Такой убогий критицизм это то, что отличает «мыслящего» мелкого буржуа от пресыщенного потребителя декоративного и показного китча; критицизм это отличительная черта просвещенного гражданина. Сегодня, критицизм это еще и важный индустриальный продукт, нечто типа экологически чистой пищи без вредных добавок. Его задача – обеспечить еще не полностью приватизированной публичной сфере особые принципы управления (governmentality), славословя ту «мягкую» и «мудрую» власть, что дает процветать и готова к переменам, только лишь ей тыкнут «голой правдой». Разумеется, это только обман.
2
По правде говоря, для производителей культуры стало чрезвычайно тяжело произносить слова истины. «Говорение истины» всегда означает преодоление превратностей индивидуального опыта. Это означает фокусировку на конкретных вещах. Это подразумевает вынесение четкого, ответственного и коллективного суждения, которое бы сумело ухватить и описать социальную тотальность. Сегодня царствует полный релятивизм, и все зависит от позиции говорящего (Фуко). Критиканские «правды» неминуемо развеиваются. Множество несоединимых (и расходящихся) интересов курсируют и сталкиваются в межконтинентальных потоках капитала. Таким образом, сейчас единственно возможная господствующая точка зрения это идея отсутствия выхода, что все мы (как производители культуры) во что-то включены и вовлечены, являясь скорее частью проблемы, нежели ее решением.
«Мне представляется», – говорит Ирит Рогофф из Колледжа Голдсмит, - «что за буквально короткий промежуток времени мы сумели сдвинуться от критичности к критике, а затем к тому, что я сегодня называю критицизмом. Таким образом, мы миновали три стадии: критичность – она ругает за ошибки и формирует мнения в соответствии с ценностными критериями; критику – она дает основополагающие предпосылки, позволяющие выработать безупречную логику убеждения; и критицизм - он говорит с условных позиций сиюминутной вовлеченности». Это мнение предопределяет и главенствующее сегодня понимание подлинности. Изнутри, то есть с позиции вовлеченного критика, все настолько неопределенно, шатко и по-своему подлинно, что похоже на зеленовато-смазанное, подобное ночному видению, изображение войны в передаче CNN. (Ср. Hito Steyerl, The Uncertainty of Documentarism, in: Chto delat, Make Film Politically, 2007, http://chtodelat.org/)

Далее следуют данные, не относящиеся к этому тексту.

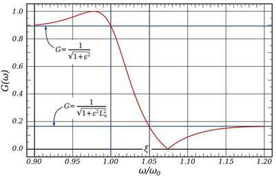| Keywords: Elliptic Filter Response (4th Order, Detail).svg elliptic filter detail of the transistion band Also shown is the maximum extent of the passband ripples where is the ripple factor and L<sub>n</sub> is the discrimination factor own Inductiveload 2009-01-29 Mathematica Code <pre><nowiki> xp2zeta_ Module g num den g Sqrt4 zeta 2 + 4 zeta 2 zeta 2 - 1 2/3 ; num 2 zeta 2 Sqrtg; den Sqrt8 zeta 2 zeta 2 + 1 + 12 g zeta 2 - g 3 - Sqrtg 3; num/den ; xz2zeta_ zeta 2/xp2zeta; tzeta_ Sqrt1 - 1/zeta 2; r1zeta_ x_ x; r2zeta_ x_ tzeta + 1 x 2 - 1 / tzeta - 1 x 2 + 1 ; r3zeta_ x_ x 1 - xp2zeta x 2 - xz2zeta / 1 - xz2zeta x 2 - xp2zeta ; r4zeta_ x_ Module num den num 1 + tzeta 1 + Sqrttzeta 2 x 4 - 2 1 + tzeta 1 + Sqrttzeta x 2 + 1; den 1 + tzeta 1 - Sqrttzeta 2 x 4 - 2 1 + tzeta 1 - Sqrttzeta x 2 + 1; num/den ; ellgainxi_ w_ w0_ ep_ 1/Sqrt1 + ep 2 r4xi w/w0 2; Plot ellgain1 05 w 1 0 5 w 0 3 </nowiki></pre> Elliptic filters |
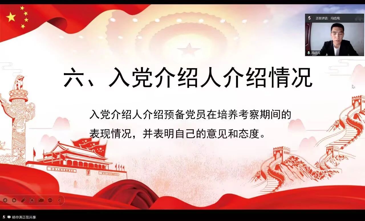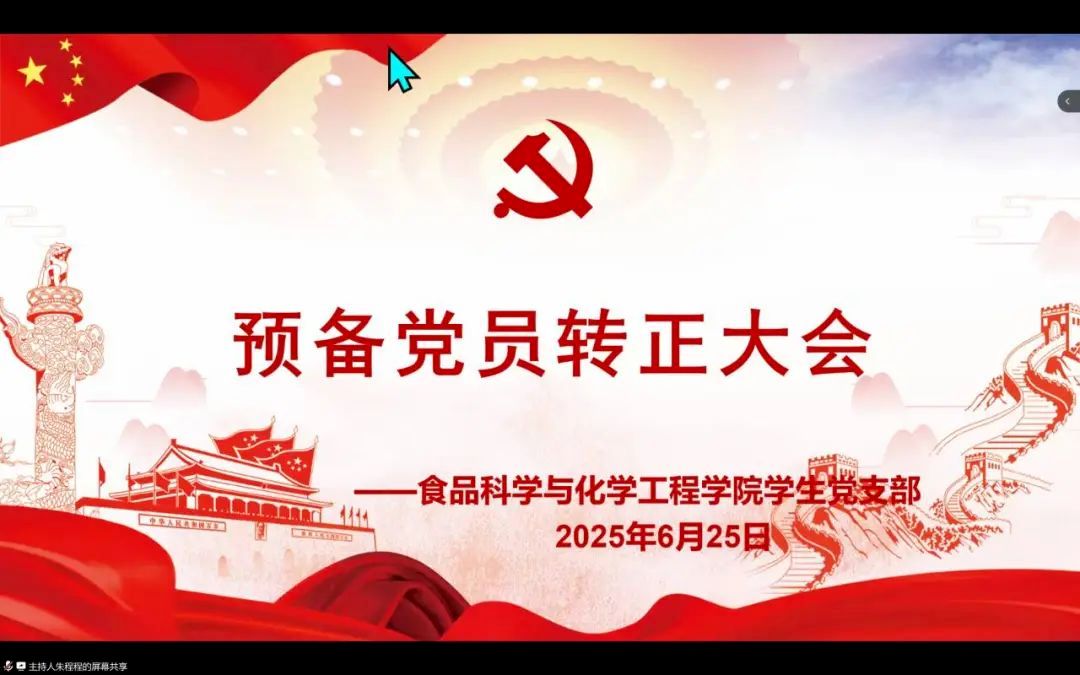 (通讯员 马智慧)为深入贯彻落实新时代党的建设总要求,进一步加强和规范党员队伍建设,严把党员发展质量关,william英国中文学生党支部于6月25日18时30分,通过腾讯会议平台,成功举办了学生食品支部和化工支部的预备党员转正大会。本次大会由学生党支部书记包静、向琼同志主持,全体学生党员、预备党员以及重点培养对象均出席了会议,共同见证了这一庄严而神圣的时刻。

Пытаясь прояснить и сфокусировать такую размытость путем авторефлексии, критицизм иногда делает огромные шаги по направлению к новому реализму, как это происходит в эссе и фильмах Хито Штйерл. Но он может выбрать и неправильное направление, перерасти в урбанистический невроз из фильма Вуди Алена, опутанный золотой пуповиной. Превратится в пародию на «несчастную душу» трагического революционера, прошедшую траекторию от пафоса партизанской песни к водевилю Партизан Ревью. Самокопание не всегда процедура истины.
3.
- Каким образом тогда критицизм способен высказать истину? Как может быть сфокусирована размытая оптика, задаваемая фактором вовлеченности?
- Только через материалистский анализ мира, существующего одновременно без нас и для нас.
- Но что тогда на самом деле материализм?
Одна из позиций в такой дискуссии, озвученная критиком Изабель Грав, заключается в том, что сперва мы должны понять, «насколько новый дух капитализма способен поглотить инфраструктуру художественной среды с ее поисковыми проектами, групповой работой, коммуникативностью и персональными инициативами.» Затем мы должны обратиться к поиску той, свойственной художнику чувствительности к материалу, что не может быть так легко присвоено капиталом. Чтобы отыскать такую чувствительность, готовую на усилие сопротивления, нам надо отвлечься от художественной институции и взглянуть на традиционную мастерскую. Конкретная материальность искусства, производимого один-на-один в тиши мастерской всегда взывает к внутренней эмиграции, к уходу в себя. Материальная истина рассредоточена для Грав в самом художнике и в произведении искусства, подобном материальному продукту, продолжающему жить в институциональный контекст и за его границами.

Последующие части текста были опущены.